World child! We hear it again with Friedrich Nietzsche,

"Dionysus is like the world child"

Or perhaps as Hegel might have said, "he" is like the World Spirit.   Zeus is like the world child.

He is playing!

And that is the answer to the question "why". He is playing, for his own amusement, and no other reason, or account, or meaning is required, because according to Heraclitus we are supposed to enjoy this permanent increase of knowledge, and therein lies his greatness. We are even supposed to enjoy strife. Nietzsche, who repayed his debt to Heraclitus only by honoring him as a great philosopher, did not really "recognize" him for the very simple reason that he was stealing from him. (15)  That is very often the case with philosophers, they are unreliable.  They have perhaps read something by someone else, and they present it in another form, and then say it is "my idea". A scientist is never permitted to do that; he would be recognized immediately as a charlatan, but apparently, philosophers can afford that.

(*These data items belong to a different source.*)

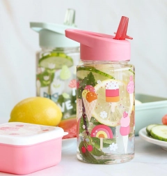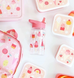 Az A Little Lovely Company átlátszó gyerek kulacsa fagylalt mintával szivárgásmentes kialakítással, kényelmes szívószálas ivórésszel és 450 ml űrtartalommal. Ideális az óvodába és kirándulásokra, és remekül passzol a hasonló mintájú kiegészítőkhöz.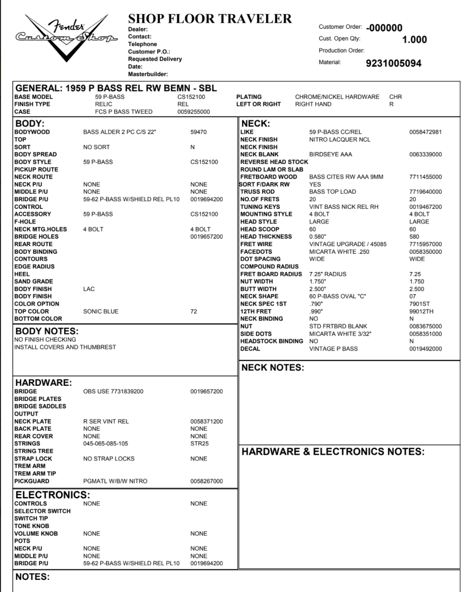 Up for sale is a 2013 Fender Custom Shop 1959 Precision Bass Relic in Sonic Blue. This example is in excellent factory relic'd condition showing no wear aside from what was done at the custom shop.  We are an authorized Fender Custom Shop Showcase Dealer and have one of the largest selections of Fender Custom Shop instruments in the Pacific Northwest. For a full list of specs please see the build sheet photo in our ad. Pro setup in house and comes complete with its original hard case and paperwork, sans the COA. We can order a replacement COA from Fender to the buyer of this instrument at no charge. Weight: 8lbs. 6oz.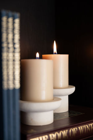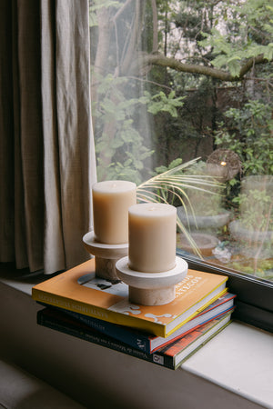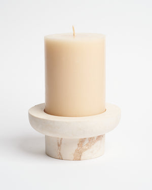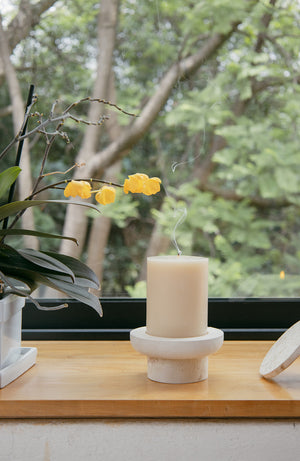 Este Porta Cirio fue elaborado a mano por talentosos artesanos de Yucatán. La materia prima es crema maya, una piedra natural extraída de canteras locales, única por su tonalidad blanca.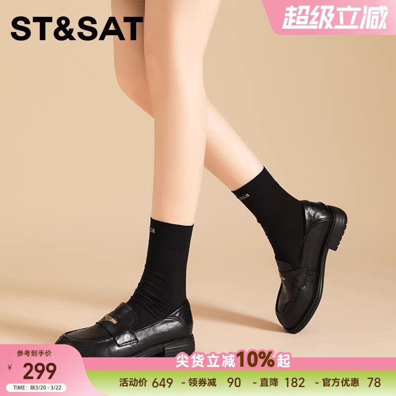 星期六厚底乐福鞋女款春季新款英伦风粗跟小皮鞋黑色单鞋百搭女鞋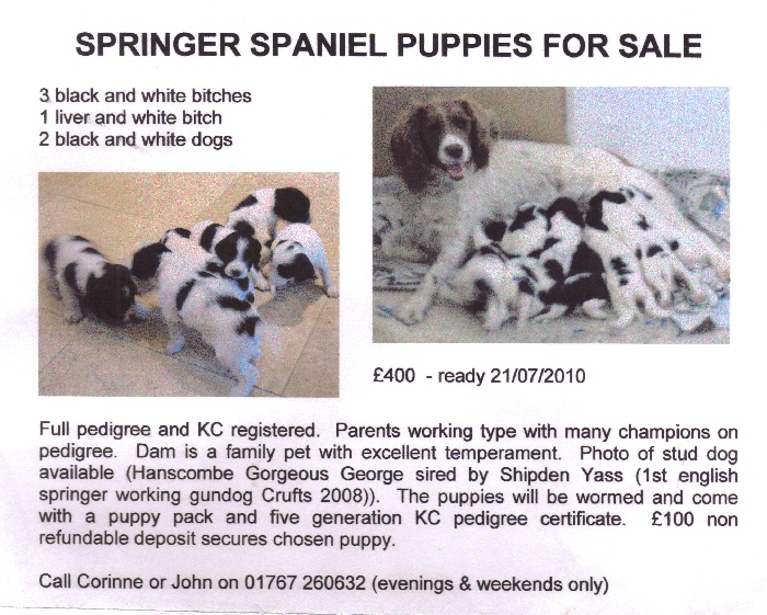 DOGS FOR REHOMING Download poster with further details. Advert in: 20th January 2010 |

Nietzsche said, as if he wanted to perfect Heraclitus, that the meaning of existence, of life, of all things, (the true giver of the "law")* was the "will to power". The idea that various actions have various effects, that what is strong must overcome what is weak, that we must measure the effects of all actions in terms of quantities of power, is merely an objective observation of what really takes place in the modern world. Nietzsche was not a scientist. He was only the prophet of modern science. All the philosophers that came after him, the pragmatists, the "neo-empiricists", all the functionalists who describe "how" things work, and who are interested primarily in operational modes of thought; all of this Nietzsche prophesied.  It is all scientific talk,  and all very good, step by step knowledge enlarges itself,  and metaphysically, the last philosopher who encouraged them as much as Heraclitus encouraged his contemporaries, was Nietzsche.  The will to power for him is the God of the world, and this he symbolizes with Dionysus. He is the last and most consequential Heraclitean we have ever seen.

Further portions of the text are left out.